4 Bell Peppers (Green, Red, Yellow, or Orange – whatever you have on hand)
- olive oil spray
- 1 small onion
- 1 package of ground turkey
- 1 tsp cumin
- 1 tsp chili powder
- 1 pinch or more of red pepper flakes depending on how hot you like it
- 1 tsp onion powder
- 1 tsp garlic powder
- 1 can of black beans rinsed
- 1/2 cup of frozen corn (optional)
- 1 28 oz can of crushed tomatoes reserving 1 cup for meat mixture
- 1 box of quinoa
(if you have a flavored kind, that is an option. It adds to the flavor – I chose tomato and basil) another option is lentils. Cook them according to directions and add at the end.
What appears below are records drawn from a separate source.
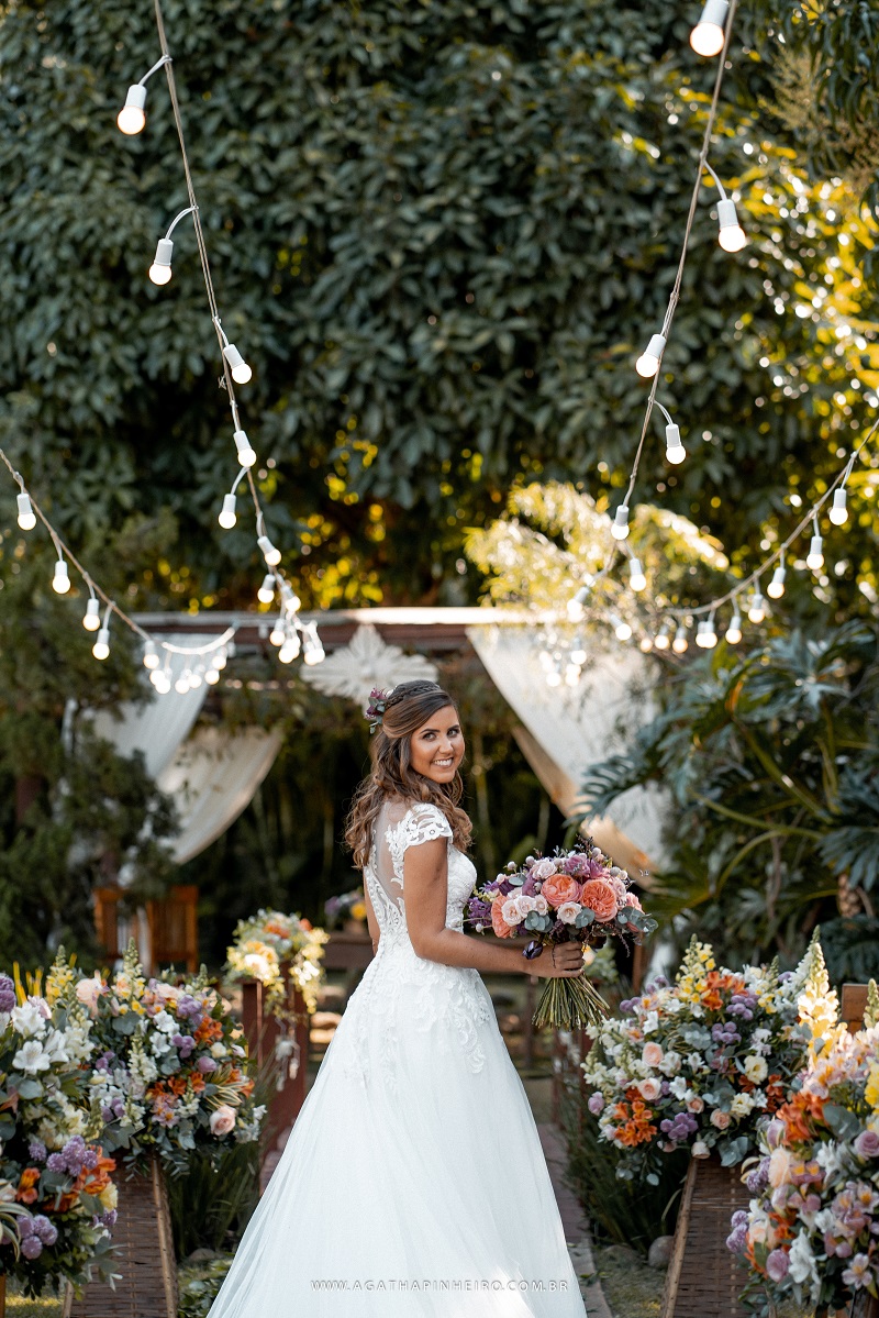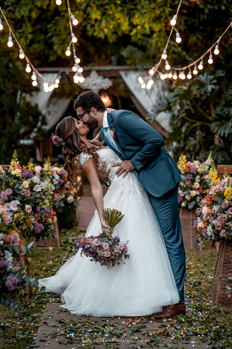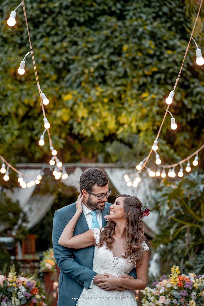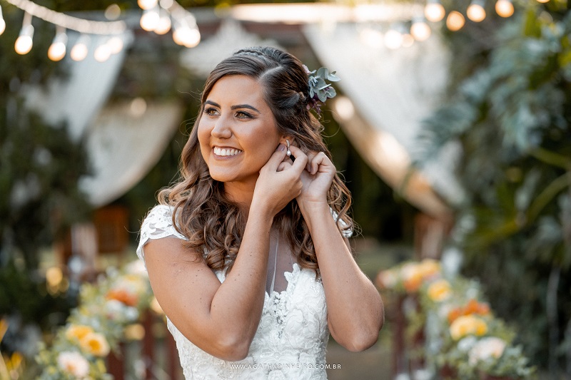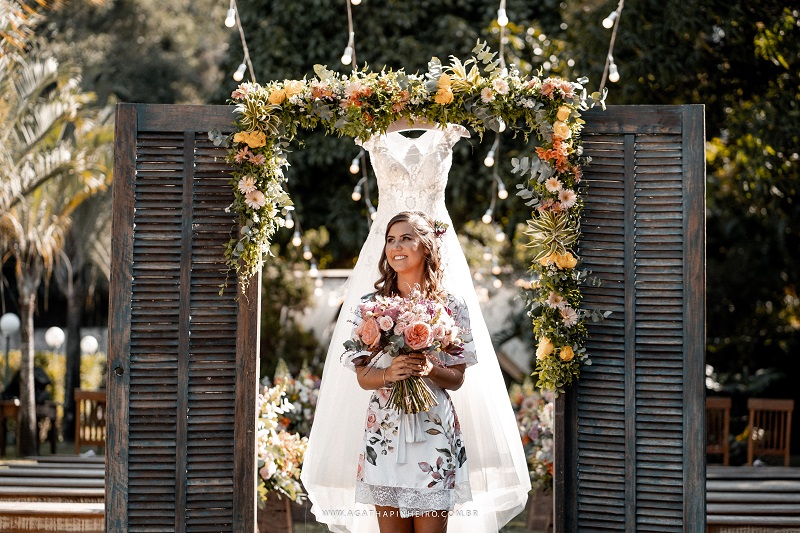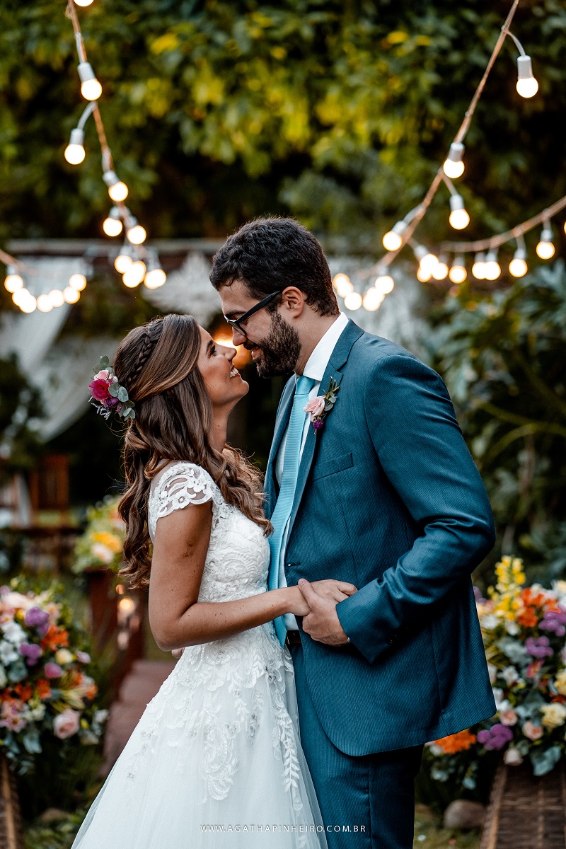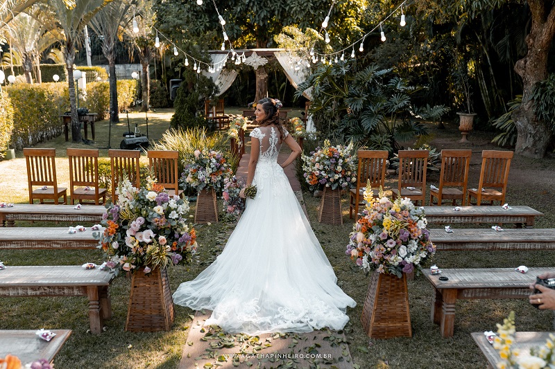 O casamento que vamos descrever hoje é uma inspiração à parte. A Fernanda e o Rodrigo se casaram ao ar livre, num ambiente coberto pela natureza com muito encanto e magia. O casal apostou muito nos arranjos de flores, com uma paleta mais quente trazendo vivacidade ao ambiente, não tinha como ficar mais lindo!
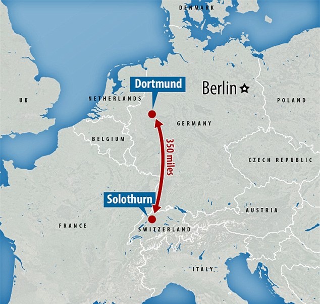 Từ nhà của cậu bé tại thị trấn Solothurn, Thuỵ Sĩ đến nơi cậu bé mất tích cách 350 dặm (560km).
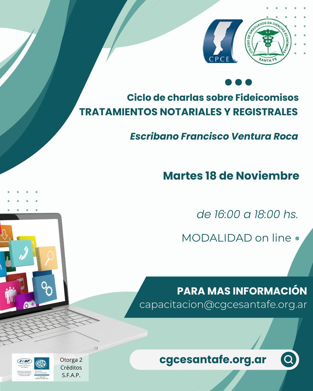 18/11 – 16 h Ciclo de charlas sobre Fideicomisos. Tratamientos Notariales y registrales
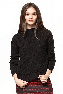 Уютный джемпер средней вязки из пряжи с высоким содержанием шерсти, и плотно прилегающим воротом. Перед и спинка имеют фактурную вязку в крупную "елочку", низ и манжеты вывязаны "резинкой".
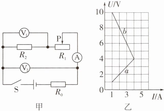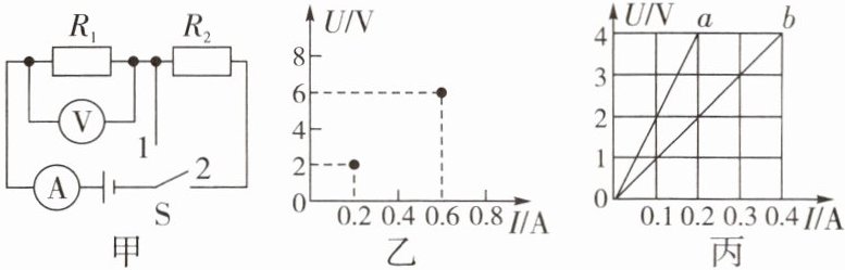 Ω ,电阻 $ R_2 $ 的 U-I 图像是丙图中的 a
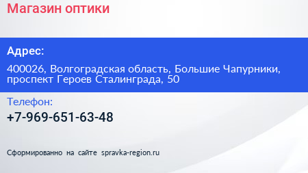 Магазин оптики по адресу 400026, Волгоградская область, Большие Чапурники, проспект Героев Сталинграда, 50 в дальнейшем Организация, размещена в следующих категориях:
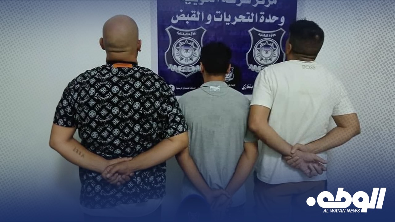 مركز شرطة الكويفية يضبط ثلاثة متهمين بالإتجار بالمخدرات في بنغازي
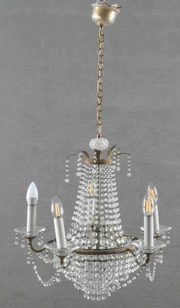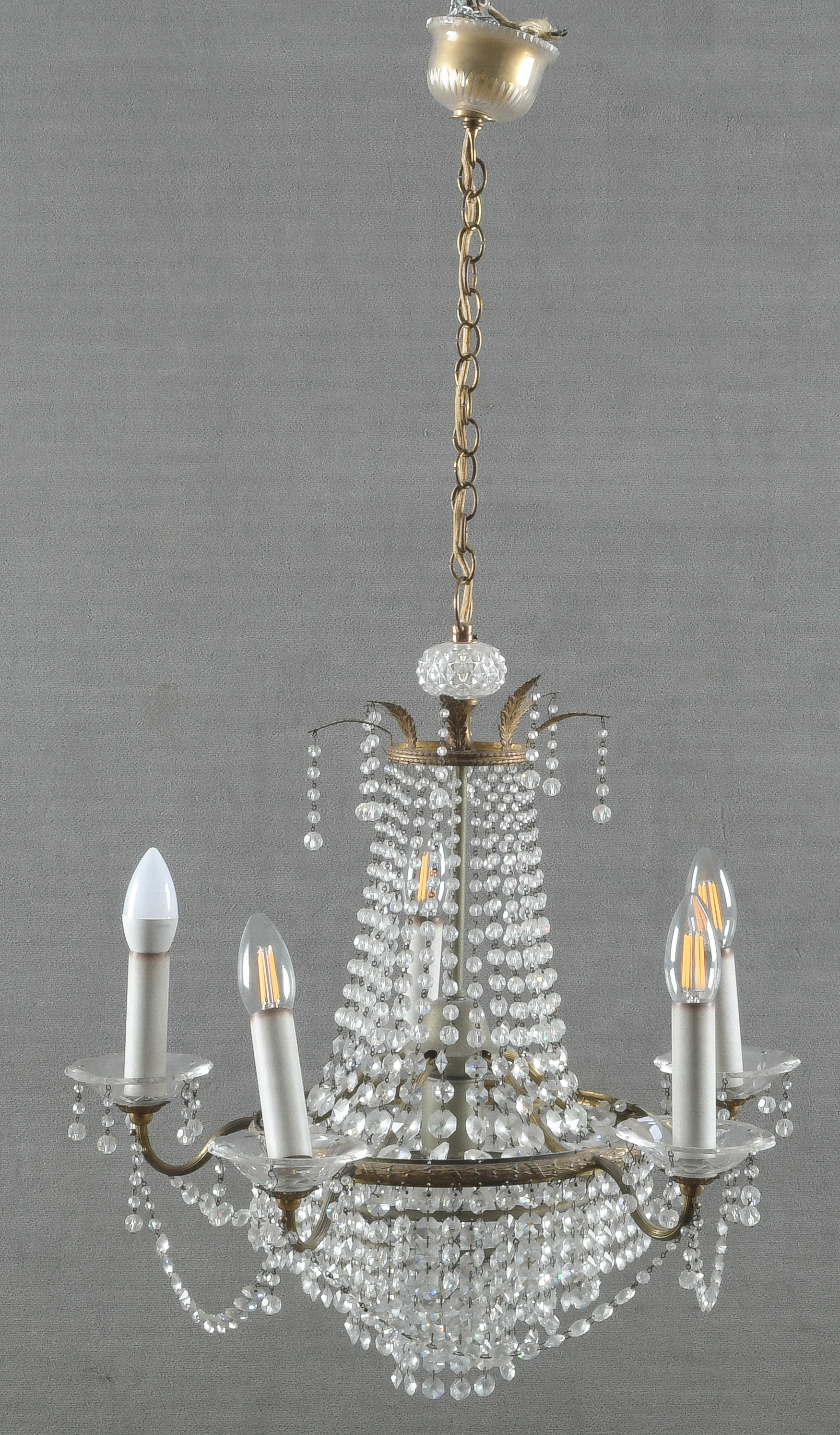 - Katalog-Nr: 632Sechsflammiger Deckenlüster im Empirestil. Italien 20. Jh. Messinggestell, mit Glasprismen, H=92 cm, D=49 cm. (Funktion ungeprüft)o.L.
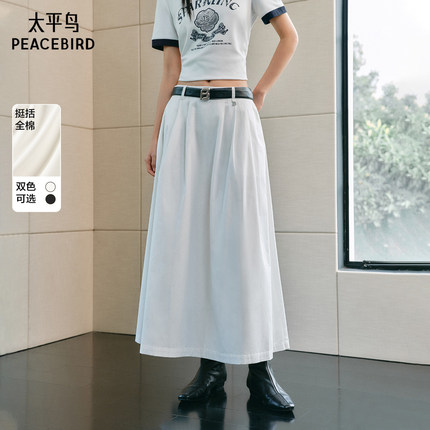 太平鸟百褶长款半身裙女2025春季款高腰伞裙显瘦A字休闲设计感
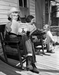 Image shows H. O. Kelly seated on front porch with his wife, Mrs. Kelly and family pet dog. He is inspecting western paintings from Tom Lea. Published in the Fort Worth Star-Telegram , November 5, 1950.
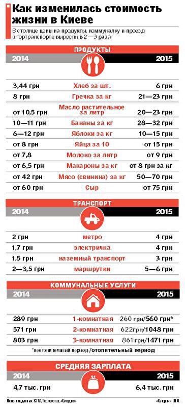 ТРАТЫ. Многие жалуются, что и раньше особо не шиковали, но теперь хватает только на основные нужды. "Общий доход нашей семьи из двоих взрослых и двоих детей (одному — 9, второму — 2 года) около 9 тыс. грн — зарплата и детская помощь. "Коммуналка" за 2-комнатную квартиру обходятся нам примерно 1100 грн. На проезд при нынешних ценах нужно тратить минимум 25—30 грн в день одному человеку. С учетом, что нужно не только доехать с работы и на работу, а еще и завезти-забрать ребенка из школы, ездить в магазин, получается минимум 1,5 тыс. грн в месяц нужно на транспорт. На продукты уходит еще около 1000 грн в неделю, потому что детям нужны и фрукты, и молочное, и конфетки. На эти нужды — почти 7 тыс. А ведь нужно покупать одежду, раз в две недели — подгузники (это еще 600 грн)… Денег впритык. На отдых или крупную покупку, например технику или мебель, отложить не получается", — рассуждает киевлянка Елена Прокопенко. А ведь у многих доход намного ниже — минзарплата сейчас всего 1218 грн.
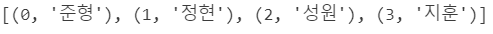 - 또한 index()는 중복값이 있는 경우 첫번째 값만 반환하기 때문에 중복된 값이 출력되며 인덱스를 매기고 싶을 때는 enumerate를 이용하면 됨

4 ounces of shredded low-fat cheddar cheese
optional garnish – cilantro, avocado, light sour cream, chopped tomato, shredded lettuce
Preheat oven to 400 degrees
Start making quinoa according to box directions
add the 20 ounces of crushed tomatoes to the bottom of a casserole dish big enough to fit your peppers
Cut your bell peppers in half from top to bottom for smaller portions or for a bigger serving just cut the tops off and take out all the seeds and put in casserole cut side up, set aside
dice onion and heat olive oil spray to large saute pan. on medium to high heat, saute onions until soft about 3 mins.
Add cumin, chili powder and red pepper flakes to onions to toast the dried seasoning in pan
add ground turkey and break up while it cooks
Add the onion powder and garlic powder and cook an additional 3 mins
Add your black beans and frozen corn and reserved 8 ounces of crushed tomatoes, simmer for 5 mins to let flavors marry.
take the meat mixture off of the heat and mix in the quinoa
take this mixture and put heaping spoonfuls divided up evenly into the peppers
Cover with foil and bake for 45 mins
take foil off and sprinkle with cheese and bake another 5-10 minutes until cheese is melted and browned. You may want to broil to get the color.